My dad walked in on me masturbating in my own apartment.....my own apartment!!
He cooked me dinner. I showed my appreciation by showing up shithoused and breaking a bottle of steak sauce on his floor.
the only thing keeping me going right now is the knowledge that in 2 hours i'll be drunk at the circus.
I was talking to a guy at my work, and mid-sentence he started vomiting violently for about five minutes, then he said, " great dope" and carried on like nothing had happened.
I'm buying drugs in the library...And it's not even finals time. What has my life become?
I'm still not sure if it was intentional, but the chiropractor definitely cradled his balls on my shoulder.

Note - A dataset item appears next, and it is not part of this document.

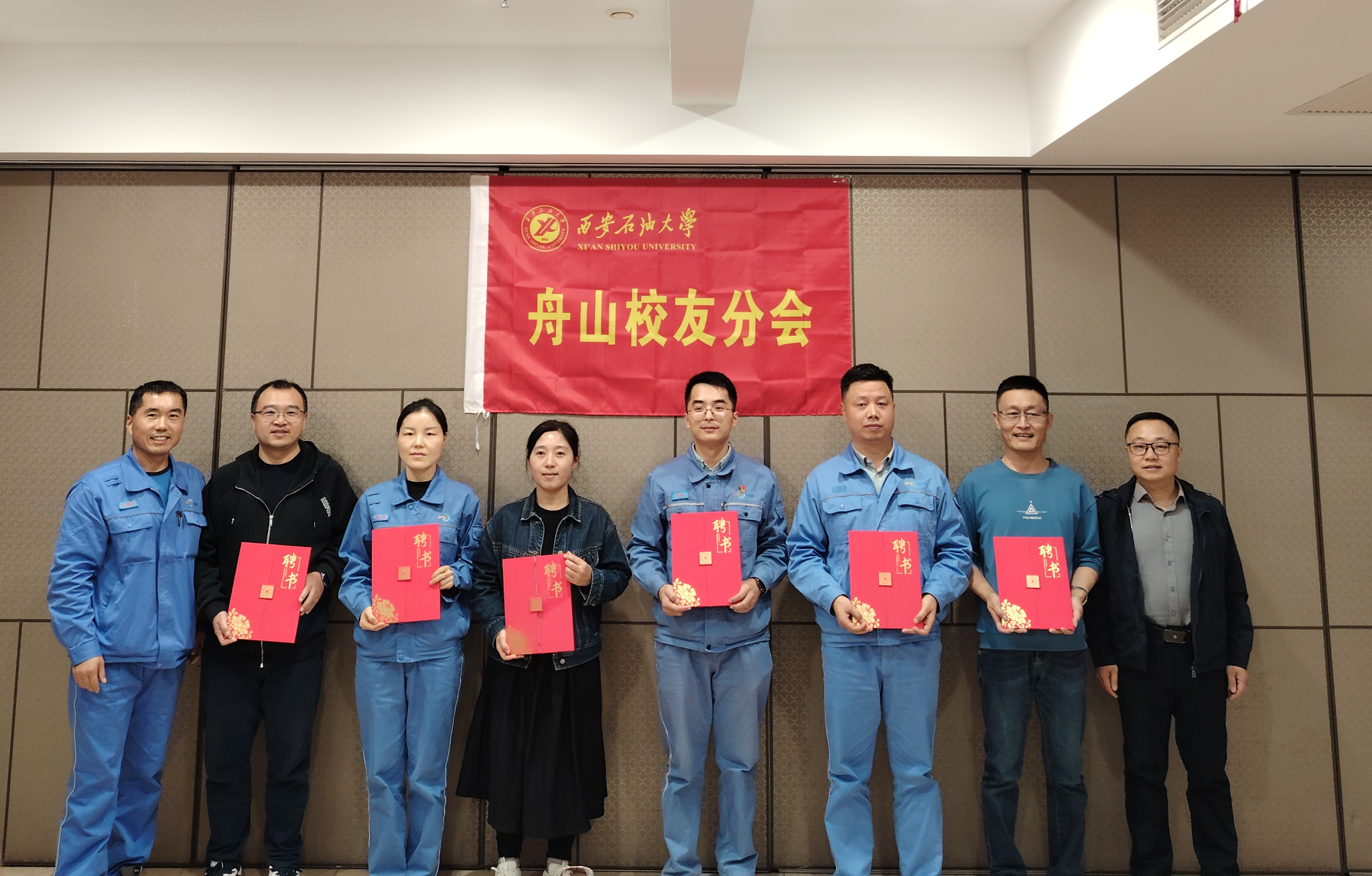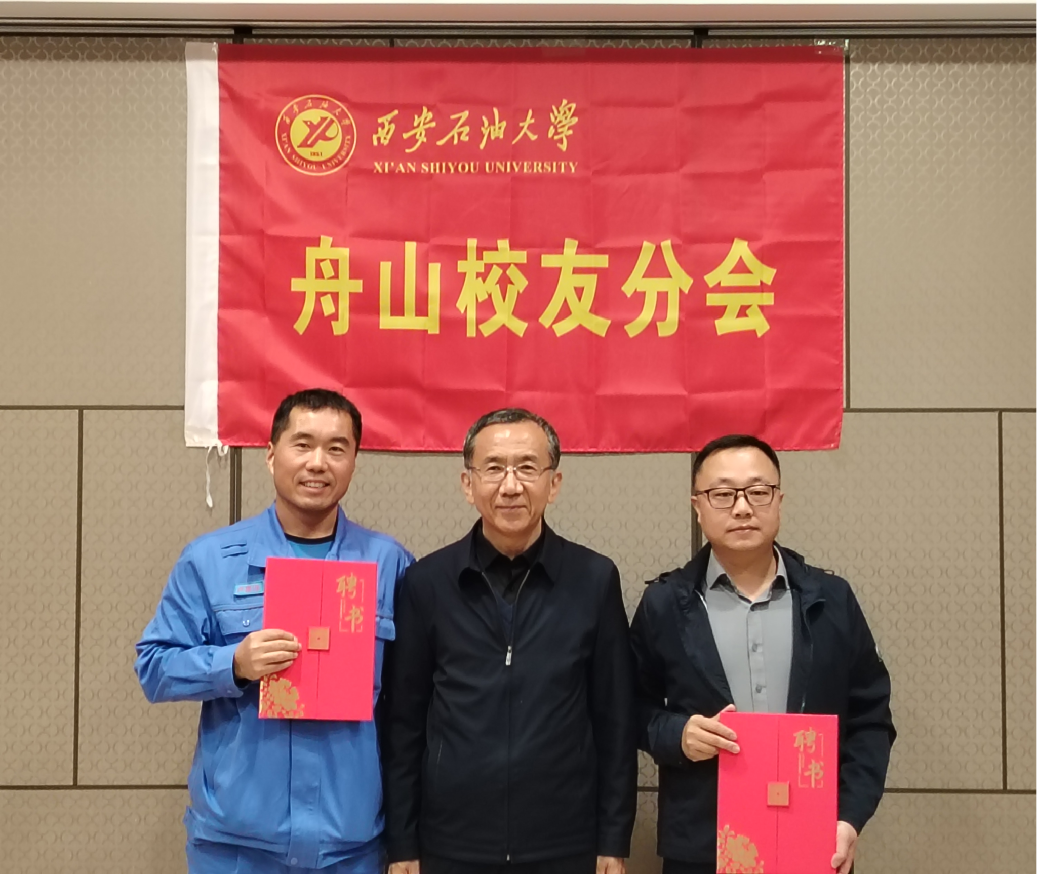 會上,張木向舟山校友分會會長、秘書長頒發(fā)了聘書;張榮軍向舟山校友分會授牌;覃彪宣讀了《關于成立西安石油大學舟山校友分會的批復》。盧喜洋向舟山校友分會副會長和副秘書長頒發(fā)了聘書。我校2008屆化學工程與工藝專業(yè)校友代兵代表舟山校友分會籌委會作了籌備工作報告。

He even seemed to adjust the sack for comfort. I think I should be flattered. He is a doctor, after all..
It turns out tequila bombs is really code for straight shots of tequila…who would have guessed?
Dude. That is just waaaay to much random to process after that tequila battle.
Please. I don't care how shitty his fake life story was. As horny as I was I just wanted the prettiest man possible in case I accidentally got pregnant. He had blue eyes.
His cat must have been laying on his dick, because now my face is covered in hives
He has started theming his dick pics. I have one he sent his duck has a sombrero on. Another a Barbie is riding it.
Finals week game: One shot for every psychological trauma I've been through that I have to explain in detail. Man I hate my major sometimes.
So apparently having sex with your co-worker in the bathroom at the staff party can get you fired.